One would think that if an employee is found to be under the influence of alcohol at work it is a straightforward dismissible offence. Recent case law has shown that this is not necessarily so.
Employers often operate under the mistaken belief that testing positive for alcohol equates to the employee being under the influence of alcohol.
Alcohol and drug abuse is a form of misconduct. Schedule 8 of the Code of Good Practice of the Labour Relations Act, No 66 of 1995 (LRA) recognises misconduct by an employee as a fair reason for dismissal.
There are two scenarios in which an employee may be charged for their use of alcohol at the workplace:
The first scenario is where the employee’s drunkenness can be proven by sight, smell and/or the conduct of the employee. Factors showing drunkenness include aggressive behaviour from the employee, slurred speech and bloodshot eyes. The degree of drunkenness has to be to such an extent that it impairs the employee’s ability to work. The onus is on the employer to prove this. No expert witness is required for such purposes.
The second scenario is where an employee tests positive for alcohol on a breathalyser apparatus. A positive outcome does not necessarily prove that the employee is under the influence of alcohol or that the employee’s ability to work has been impaired. Employers often mistakenly believe that a positive test result is sufficient proof to show that the employee was under the influence of alcohol and then mistakenly charge the employee for being under the influence of alcohol. Recent case law has confirmed that a positive test result is not necessarily sufficient to dismiss an employee. In Tosca Labs v CCMA 2012 33 ILJ 1738 (LC) the Labour Court found that a positive test result on a breathalyser test is not sufficient proof to indicate that the employee was under the influence of alcohol. The court referred to Tanker Services (Pty) Ltd v Magudulela 1997 12 BLLR 1552 (LAC) which stated that the real test is whether the employee’s competence to perform their work has been impaired. In this case the employee was able to perform his tasks and the court held that the dismissal was substantively unfair.

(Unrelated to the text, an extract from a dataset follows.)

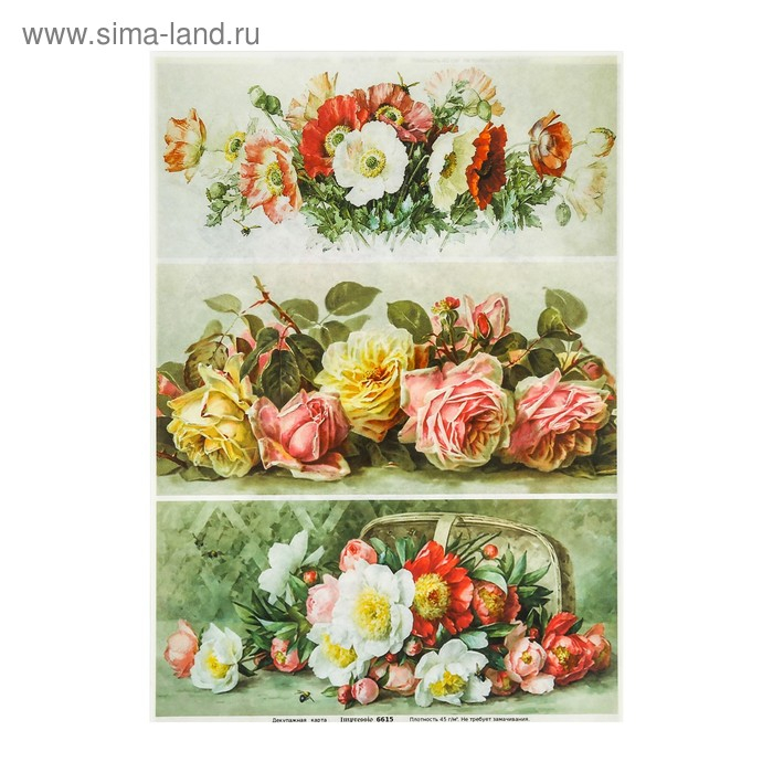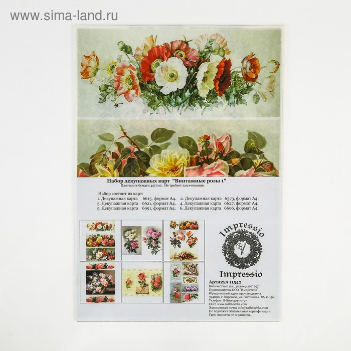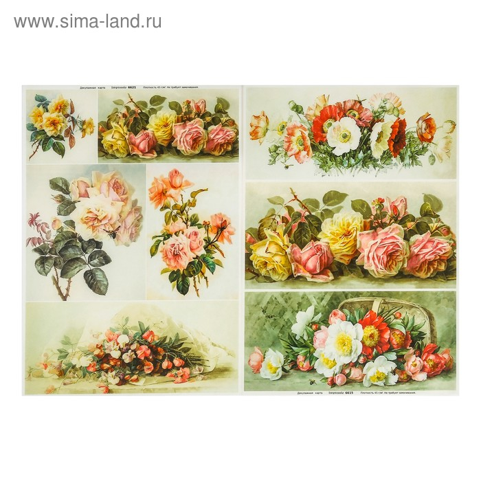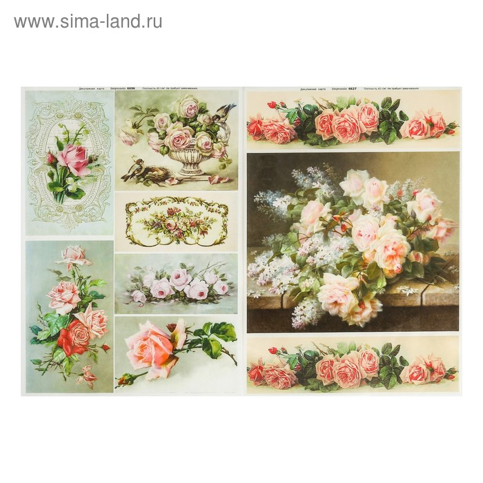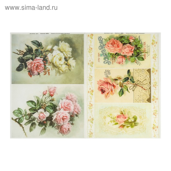 Набор декупажных карт 6 шт "Винтажные розы 1" А4, 45 г/м2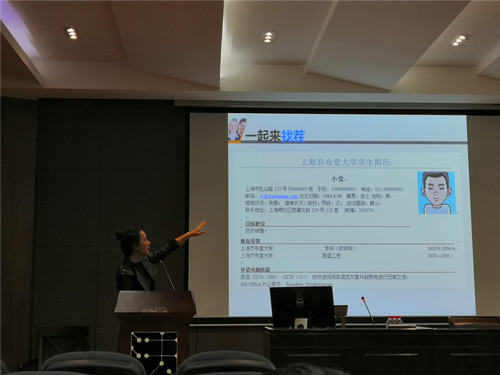 首先,张颖老师提醒同学们在选择好要应聘的公司后,应全方位了解此公司的信息,要明确应聘职位的性质与需要的条件、技能乃至性格。然后,张颖老师对于如何制作一份出彩的简历也进行了细致的讲解,包括了简历的基本样式、简历的内容与结构、简历范例测评以及优秀简历模板推荐等环节。细致入微的讲评深入剖析了简历制作的注意事项,使大家在制作简历时能够做到规范化、标准化,减少了因简历制作失误而错失就业良机的遗憾。张颖老师对学生们的职场面试环节也提出了建议。在面试之前,准备并演练好自我介绍,保持好良好的职场形象。对于面试官提问环节,她强调平时练习的重要性,要多和周边同学相互练习,采取“头脑风暴“的方式,提升自己面对不同情景时的应对,分析问题的能力。

What should an employer do?
The employer should adopt a zero tolerance in terms of its alcohol policy in the workplace. Such policy should be specific and also provide for a summary dismissal, even when the employee has just been tested positive for the use of alcohol or drugs. The rational for such policy should be based on the safety considerations of the employer. This means that an employee may be summarily dismissed irrespective of whether his/her ability to work is impaired or not. To adopt such a policy depends on the status thereof and may sometimes simply require consulting with the employees before the implementation of such policy. The employer should always ensure that all employees are aware that there is a zero tolerance policy and that if they test positive for any usage of alcohol, they will be in breach of the policy and may be subjected to disciplinary action and possible dismissal.
In addition to the above, the breathalyser apparatus should be properly calibrated and the person administering the test should be trained to do so correctly. The test should also always be done in the presence of a witness.
However where possible and applicable, evidence should preferably be obtained to show that the employee’s ability to work was impaired – if that was indeed the case.
If it emerges that an employee is dependent on alcohol the employer has an obligation to consider providing counselling and assist the employee as is set out in item 10 of Schedule 8 of the LRA.
Hugo Pienaar and Elizabeth Sonnekus, Employment practice and services, Cliffe Dekker Hofmeyr.